O uso de ácaros predadores para o controle de ácaros pragas já vem sendo estudado e usado há bastante tempo (MCMURTRY; CROFT, 1997). Ácaros predadores são frequentemente encontrados associados a ácaros fitófagos na vegetação nativa, em culturas anuais e perenes. Entretanto, pouco se conhece a respeito da potencialidade de diferentes grupos de organismos atuarem como inimigos naturais de ácaros praga.

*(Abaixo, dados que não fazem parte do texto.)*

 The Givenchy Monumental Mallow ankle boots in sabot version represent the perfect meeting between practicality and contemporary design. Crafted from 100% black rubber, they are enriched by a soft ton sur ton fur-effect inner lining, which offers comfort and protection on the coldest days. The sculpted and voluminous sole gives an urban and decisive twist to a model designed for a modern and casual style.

Os predadores mais promissores de ácaros fitófagos no campo pertencem às famílias Phytoseiidae, Stigmaeidae e Iolinidae (MCMURTRY et al., 1970; MORAES, 1991; MORAES et al., 2004).

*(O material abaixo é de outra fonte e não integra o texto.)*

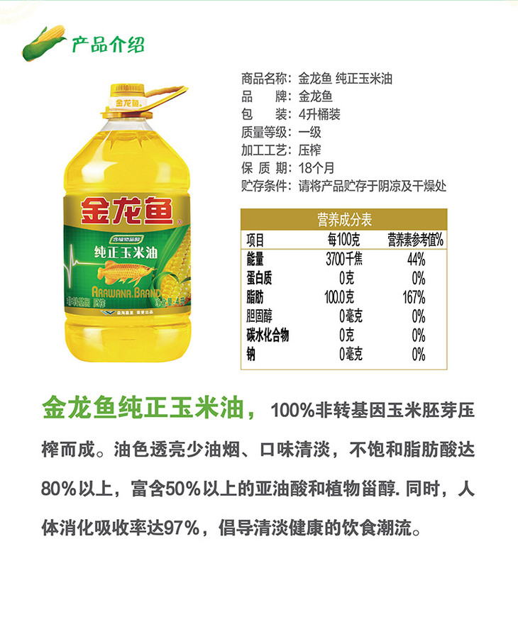 「5升装!纯正玉米油」金龙鱼纯正玉米油4L/桶 非转基因压榨植物油 炒菜粮油米面食用油福利团购
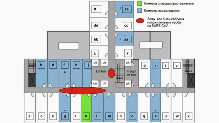 План девятого этажа отеля Metropole в Гонконге, показывающий, где произошло суперраспространение вируса SARS | Источник: CfDCaP, Atlanta, Georgia, USA (C.R. Braden, S.F. Dowell, D.B. Jernigan); Emory University, Atlanta (J.M. Hughes)
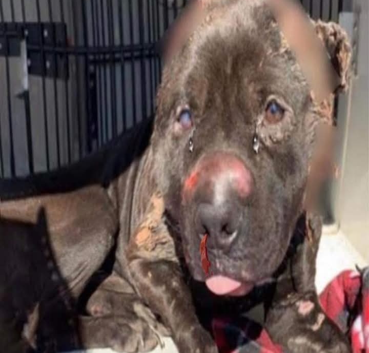 The cruel individuals tied him up and hung him as prey for other dogs. These aggressive dogs would charge at him, driving the dog thieves to chase and try to catch them.
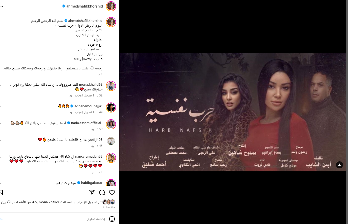 ونشر المخرج أحمد شفيق عبر حسابه الشخصي على موقع تبادل الصور والفيديوهات إنستجرام، البوستر الرسمي لـ مسلسل حرب نفسية، وعلق عليها: بسم الله الرحمن الرحيم، اليوم العرض الأول حرب نفسية، إنتاج ممدوح شاهين، تأليف أيمن الشايب، بطولة أروى جودة، مصطفى درويش، چيهان خليل.
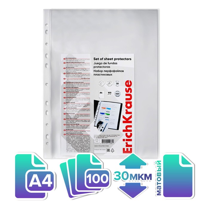 Файл - вкладыш ErichKrause Standard Plus, А4, 40 мкм, тиснение, вертикальный, 10 штук
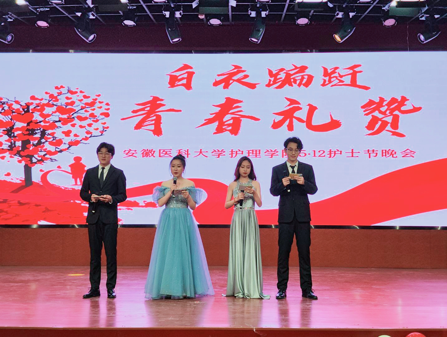 为迎接第112个国际5·12国际护士节,赞颂和传承现代护理学科创始人南丁格尔救死扶伤的人道主义精神和为护理事业无私奉献的精神,培养学生大爱无疆的人文情怀,在深入开展学习贯彻习近平新时代中国特色社会主义思想主题教育之际,鲸鱼直播足球 于5月11日晚在南校区多功能报告厅隆重举办了“白衣翩跹,青春礼赞”护士节文艺晚会。学院党委书记赵云峰、院长洪静芳、党委副书记王磊、副院长赵梅、副院长李树雯及全院师生出席本次晚会。

Phytoseiidae tem recebido considerável atenção desde a década de 1950, quando se descobriu que algumas espécies eram importantes inimigos naturais de ácaros tetraniquídeos, tornando-os importantes nos programas de manejo integrado de pragas (MEYER, 2003). Estes ácaros são comumente encontrados nas partes aéreas das plantas, onde desempenham papel importante na manutenção de baixas populações de ácaros fitófagos (MCMURTRY; CROFT, 1997). Na família Phytoseiidae, os ácaros generalistas se alimentam de pólen, fungos e ácaros e podem sobreviver em pomares em alta densidade mesmo quando as presas primárias são escassas ou temporariamente extintas. Enquanto que especialistas necessitam que uma determinada espécie de presa permaneça no ambiente, sendo que na sua ausência se extinguem localmente por falta de alimento (ALTIERI, 2003; MCMURTRY; CROFT, 1997; MORAES, 1991). Uma das características marcantes dos fitoseídeos como inimigo natural de ácaros praga é o seu ciclo de vida curto, quando submetidos a condições de temperatura e umidade favoráveis (MEYER, 2003).

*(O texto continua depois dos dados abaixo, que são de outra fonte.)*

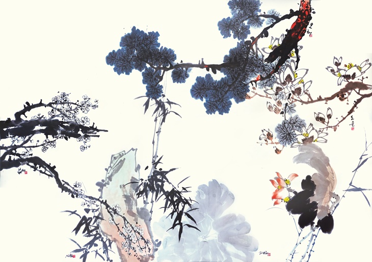 이번 전시에서는 '달항아리, 마음을 담다', '문인화, 오늘의 시선', '문인화로 그린 새와 꽃', '문인화의 묵향', '연꽃이 머문 자리' 등 서로 다른 주제를 갖고 각자의 시선으로 사유·미감·삶의 태도를 묵향으로 표현한 문인화 작품 50여 점을 선보인다. 또 이들이 함께 그린 가로 3m, 세로2m의 대작 합작도 '다시 함께'도 전시된다.
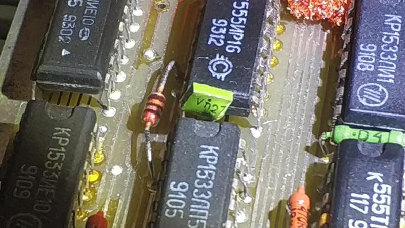С текущими номиналами резисторов R1-R6 напряжение на аналоговых RGB контактах платы либо 0,2В (цвет=0) 2,6В (цвет=1 BRIGHT=0) и 4,2В (цвет=1 BRIGHT=1). А это значит, что хоть на разъём для VGA-кодера и подведены аналоговые RGB сигналы, но они всегда воспринимаются как TTL-дискретные. Т.е. исправление разъёма XS3 с аналогового на цифровой не требуется - он и так фактически является цифровым.
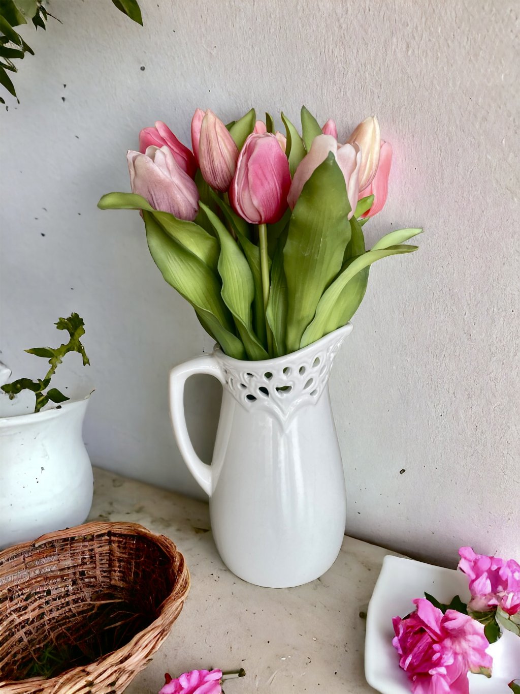 Živé tulipány jsou krásné jarní květiny, ale ve váze vydrží sotva týden. Pokud se jimi chcete kochat déle, vsaďte na umělé kytice tulipánů.
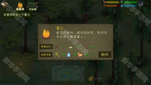 3. 在营地睡觉,不仅能使体力逐步恢复,还可以存放一些物品,且营地会提供充足的补给。1.火是你生存的重要工具,比如可以做饭和提供照明的篝火,给你带来光明。
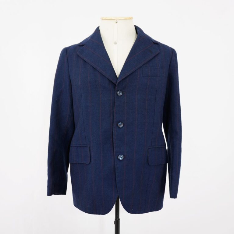 by Michelle Araujo Leia Mais...Paletó azul marinho com listras verticais vermelhas, três bolsos externos e quatro bolsos internos, fechamento em três botões de plástico e três em cada punho, forro em cetim...
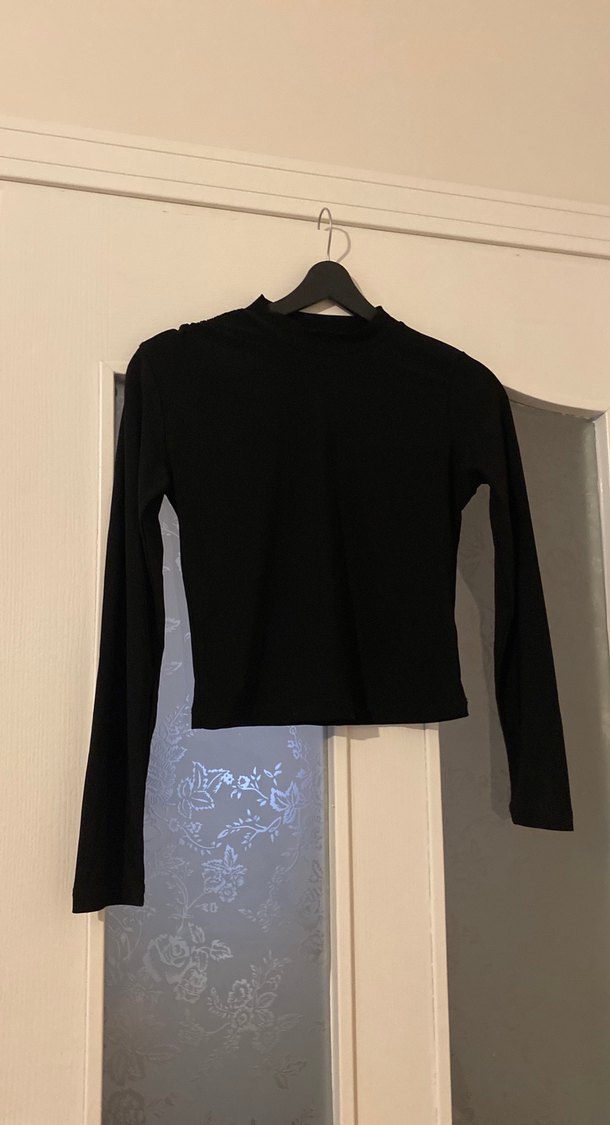 Siyah, uzun kollu ve yüksek yakalı, vücuda oturan midi uzunluğunda kadın gömleği. Düz, sentetik kumaştan sade gotik tarzda günlük kullanıma uygun.
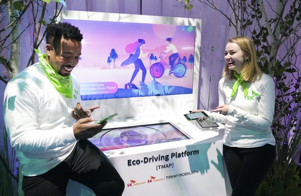 ▶ 5일 미국 라스베이거스 컨벤션센터에 설치된 SK텔레콤 공동 전시 부스에서 모델들이 최적 경로 내비게이션 '티맵'을 체험하고 있다.
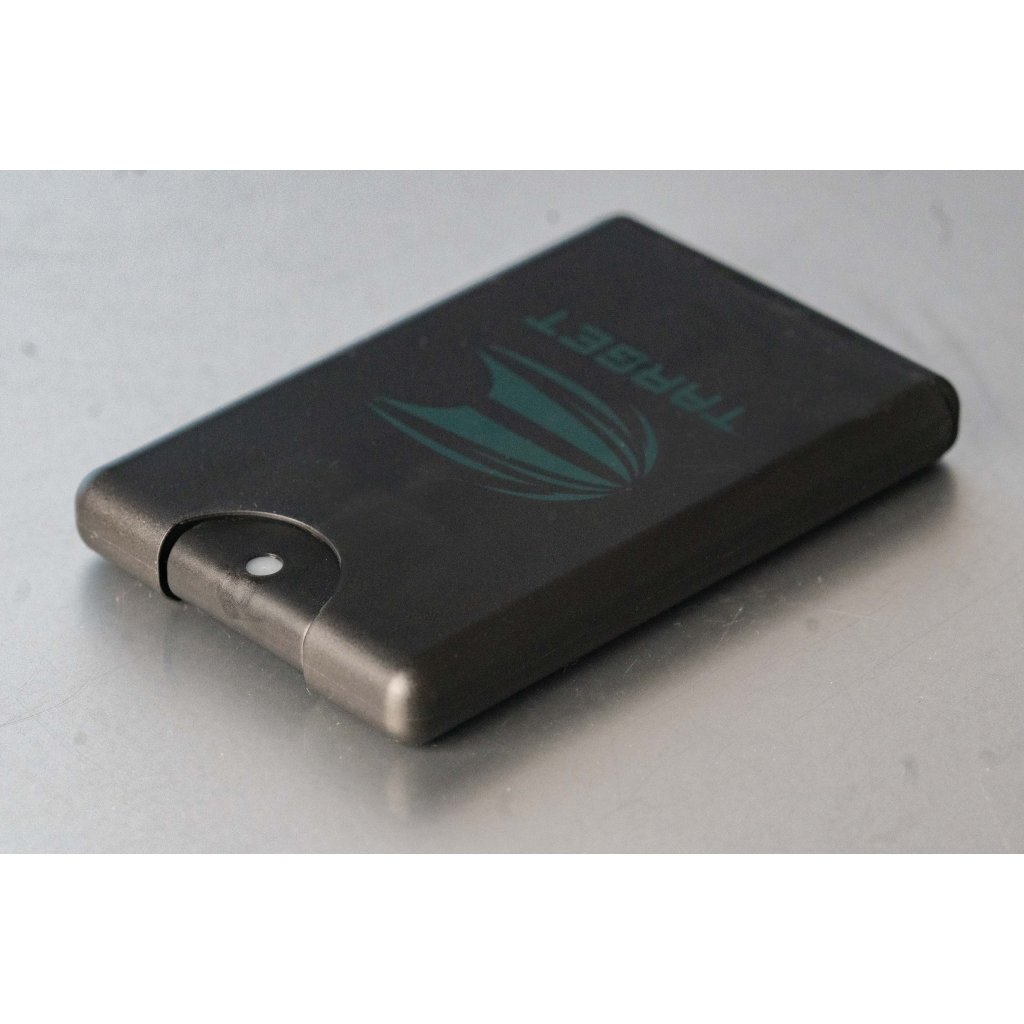 Target Darts szervizkészlet fém köszörűvel, dupla tisztítókefével, tisztító spray-vel és flanel kendővel, egy masszív fém dobozban, bevonat nélküli nyilak egyszerű karbantartásához.

Além dos fitoseídeos, outras famílias apresentam ácaros predadores de tetraniquídeos, destacando-se a família Stigmaeidae (LAING; KNOP, 1982), que apresenta menor diversidade e é representada principalmente por espécies dos gêneros Agistemus Summers, 1960 e Zetzellia Oudemans, 1927 (FERLA; MORAES, 2002).

A família Iolinidae tem sido referida por LAING; KNOP (1982) e PERRIN; MCMURTRY (1996) como predadora de Eriophyidae. Na Alemanha, Pronematus staerki Schruft, 1972 é um inimigo natural importante de Caliptrimerus vitis (DUSO; LILLO, 1996). Pronematus anconai foi observado, associado à cultura da videira no Rio Grande do Sul (JOHANN et al., 2009; KLOCK et al., 2011).

Considerando a importância das plantas associadas à videiras no Rio Grande do Sul, RS, torna-se necessário realizar estudos para identificar as espécies com maior potencial de inimigos naturais. Podendo assim estabelecer formas de controle biológico natural, com a manutenção e a preservação de inimigos naturais nestas áreas, mantendo as populações de ácaros fitófagos abaixo do nível de dano econômico.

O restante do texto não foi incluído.